Typical structure of convolutional neural network
One 、AlexNet
AlexNe The network brings deep learning back to the stage of history ~
- To prevent over fitting
(1) Used Dropout( Immediate deactivation ), During training, some neurons are shut down randomly , Integrate all neurons during the test ;
(2) Data to enhance :
· reverse 、 translation 、 symmetry : Random crop( Scale the picture )、 Flip horizontal ( Multiply the number of samples );
· change RGB Channel strength , Yes RGB Gaussian perturbation in space ; - The nonlinear activation function is used ReLU( Solved the problem of gradient disappearance 、 The calculation speed is very fast, just 2 Determine whether the input is >0、 The convergence rate is much faster than sigmoid)

Two 、ZFNet

3、 ... and 、VGG
VGG Is a deeper network . An auxiliary classifier is added , Solve the problem of gradient disappearance caused by too deep depth .
Four 、GoogleNet
Set up Inception modular ( Multiple Inception Structure stacking ), stay Inception Pass through Multiple convolution kernels Increase the diversity of features ( The following figure on the left ), But the final output is very large , It will lead to high computational complexity .
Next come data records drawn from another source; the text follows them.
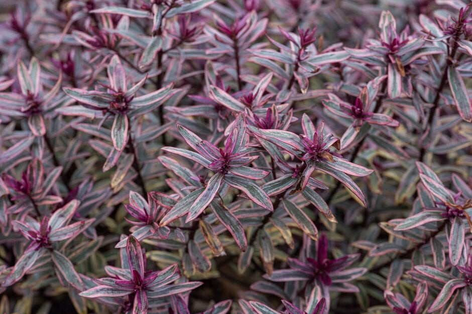 A compact, bushy evergreen shrub to around 60cm high, with narrow, grey-green leaves edged with white, and tinted bright purple in winter. Spikes of purple flowers are sometimes produced in summer, though this cultivar is grown mainly for its foliage
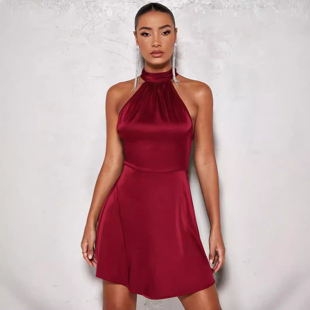 Dress Light Dress Short Dress Sexy Neck Dress - Sky Blue / L
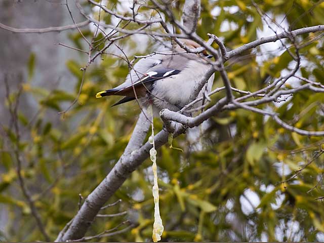 よく知られているようにヤドリギの実には粘り気があり、レンジャクの糞もよく粘ってヤドリギの種を木に粘着させることでヤドリギの繁殖を助けています。
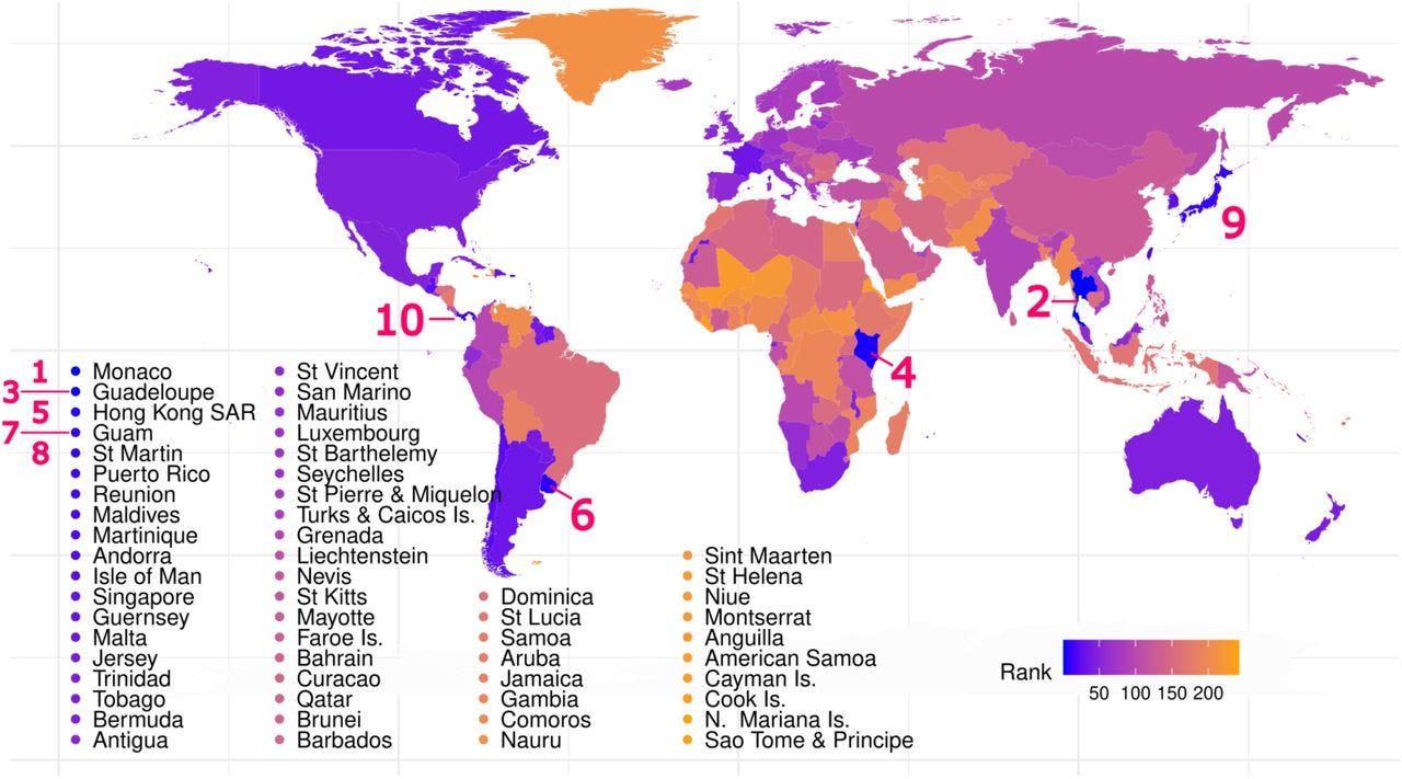 However, that’s not the case for centenarian attainment. Dr. Newman’s analysis shows that the countries which have the highest centenarian attainment - remember, people living from 80 to 100+ - are…unexpected. The top 10 countries regularly includes Guam, Guadeloupe, Kenya, Thailand, and the unincorporated territory of Western Sahara.
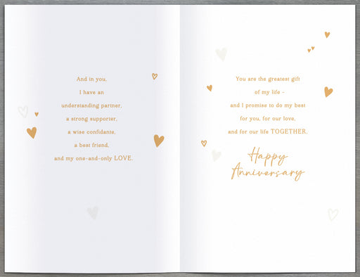 Original price £3.30 - Original price £3.30Original price£3.30£3.30 - £3.30Current price £3.30| /Celebrate your anniversary with this refined UK Greetings card in elegant gold and ivory tones. Featuring two intertwined hearts and a loving messa...
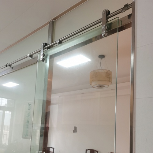 3. frameless glass sliding barn door with decorative exposed hardware to make the door stunning along with the 10mm thick tempered glass with many glazing options as tinted glass, printed glass, laminated glass, painted glass etc
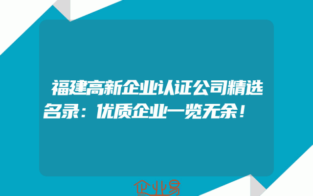 - 福建高新企业认证公司精选名录:优质企业一览无余!
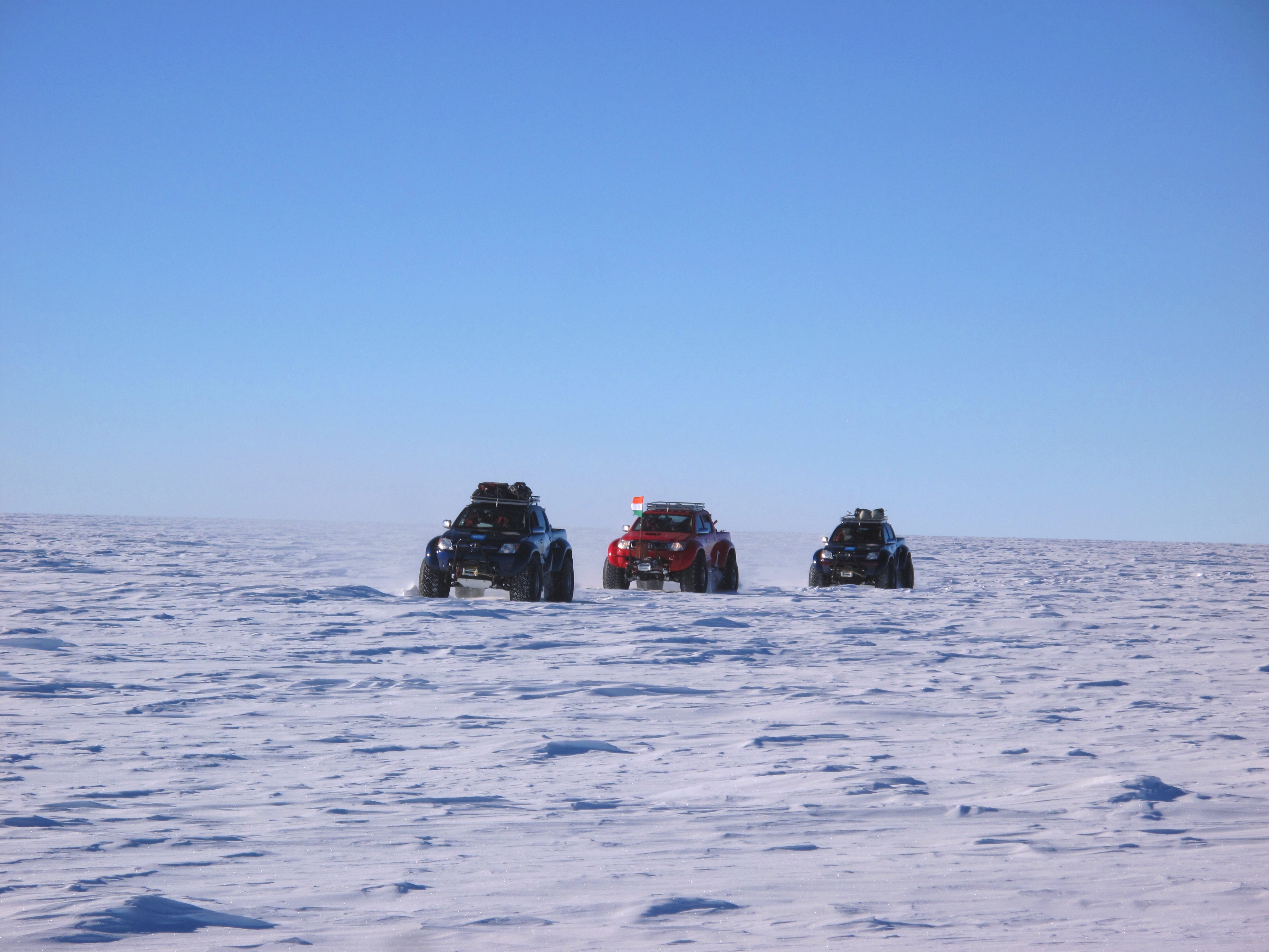 Katey Shirey: "The Indian traverse arrives at South Pole." Amundsen–Scott South Pole Station, Antarctica.

The solution is : Insert 1*1 Convolution kernel Conduct Dimension reduction ( Top right )
Then use a small convolution kernel instead of a large convolution kernel , Further reduce the amount of parameters .
for example : Use Two 3 * 3 Convolution kernel Come on replace One 5 * 5 Convolution kernel , It can reduce the parameter quantity 
Add nonlinear activation function between convolution kernel and convolution kernel , It is the network that produces more independent features , Stronger representation , Faster training .
The output has no additional full connection layer ( Except for the last category output layer )
5、 ... and 、ResNet
depth 152 layer .
Residual learning network (deep residual learning network)
Residual thought : Remove the same main part , To highlight small changes , It can be used to train very deep Networks .
set up F(x) + x = f( g( h(x) + x ) + x ) + x, Derivation of the formula , have to derivative = (f’ + 1)(g’ + 1)(h’ + 1). Even if the derivative of the function is zero or the function itself is zero , But add 1 Then there will be no gradient disappear .
Programming
torchvision.datasets.MNIST(root, train=True, transform=None, target_transform=None, download=False)
- root Download the data set to the local root directory , Include training.pt and test.pt file
- train, If set to True, from training.pt Create a dataset , Otherwise, from test.pt establish .
- transform, A function or transformation , Input PIL picture , Return the transformed data .
- target_transform A function or transformation , Input target , To transform .
- download, If set to True, Download data from the Internet and put it in root Under the folder
- DataLoader Is a more important class , The common operations provided are :
- batch_size( Every batch Size ), shuffle( Whether to randomly disrupt the order ),
- num_workers( When loading data, several sub processes are used )
transforms.Compose
Composes several transforms together. This transform does not support torchscript.
Combine several transformations . This transformation doesn't support torchscript.
- That is, combine several transformation methods , Transform the corresponding data in order .
- among torchscript Script module , Used to encapsulate scripts for cross platform use , If you need to support this situation , Need to use
torch.nn.Sequential, instead ofcompose- Corresponding to the code in the problem description , Apply first
ToTensor()send [0-255] Transformation for [0-1], Then applyNormalizeCustom standardization
transforms.ToTensor()
Convert a PIL Image or numpy.ndarray to tensor
Change one PIL Library pictures ornumpyThe array of istensorTensor type ; Convert from [0,255]->[0,1]
- Realization principle : Deal with different types , That is, divide each value by 255, Finally through
torch.from_numpytake PIL Library pictures ornumpy.ndarrayFor specific value types, such asInt32,int16,floatEqual conversiontorch.tensordata type
transforms.Normalize()
Normalize a tensor image with mean and standard deviation
Normalize a by means of mean and standard deviation tensor Images ( Standardizing images ), Formula for :output[channel] = (input[channel] - mean[channel]) / std[channel]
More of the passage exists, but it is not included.